Go through the listing below and retype exactly the lines starting at the one with "今日は,冬の植物について観察" and ending at the one with "À vous les beaux", skipping pictures.

### [EXERCISE DATA]
- - -
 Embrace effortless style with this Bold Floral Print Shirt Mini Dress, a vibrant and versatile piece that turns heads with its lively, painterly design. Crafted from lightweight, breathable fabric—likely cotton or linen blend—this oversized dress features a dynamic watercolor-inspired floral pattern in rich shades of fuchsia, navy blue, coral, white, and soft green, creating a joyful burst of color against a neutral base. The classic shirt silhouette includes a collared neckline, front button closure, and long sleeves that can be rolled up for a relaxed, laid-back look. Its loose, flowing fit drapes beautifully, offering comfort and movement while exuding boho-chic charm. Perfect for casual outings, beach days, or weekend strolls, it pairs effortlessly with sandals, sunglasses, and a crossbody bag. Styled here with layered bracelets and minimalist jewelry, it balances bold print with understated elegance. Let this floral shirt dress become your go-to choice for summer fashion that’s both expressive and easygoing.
- - -
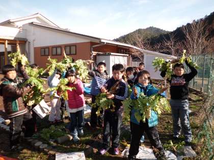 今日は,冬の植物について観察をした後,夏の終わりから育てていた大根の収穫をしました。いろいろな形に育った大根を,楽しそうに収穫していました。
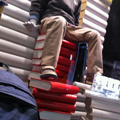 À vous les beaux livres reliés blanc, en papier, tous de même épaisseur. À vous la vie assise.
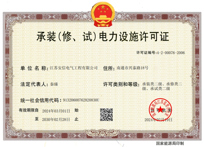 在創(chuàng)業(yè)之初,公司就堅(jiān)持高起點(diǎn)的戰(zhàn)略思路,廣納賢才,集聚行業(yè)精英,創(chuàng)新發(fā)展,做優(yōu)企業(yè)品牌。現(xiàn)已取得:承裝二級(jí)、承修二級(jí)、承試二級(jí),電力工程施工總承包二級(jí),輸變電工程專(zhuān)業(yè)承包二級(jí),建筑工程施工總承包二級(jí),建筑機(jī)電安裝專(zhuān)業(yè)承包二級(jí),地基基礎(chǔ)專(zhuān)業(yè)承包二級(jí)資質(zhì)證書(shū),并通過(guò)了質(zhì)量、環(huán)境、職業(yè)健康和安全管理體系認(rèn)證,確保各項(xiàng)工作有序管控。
- - -
### [TASK ANSWER]
 今日は,冬の植物について観察をした後,夏の終わりから育てていた大根の収穫をしました。いろいろな形に育った大根を,楽しそうに収穫していました。
 À vous les beaux livres reliés blanc, en papier, tous de même épaisseur. À vous la vie assise.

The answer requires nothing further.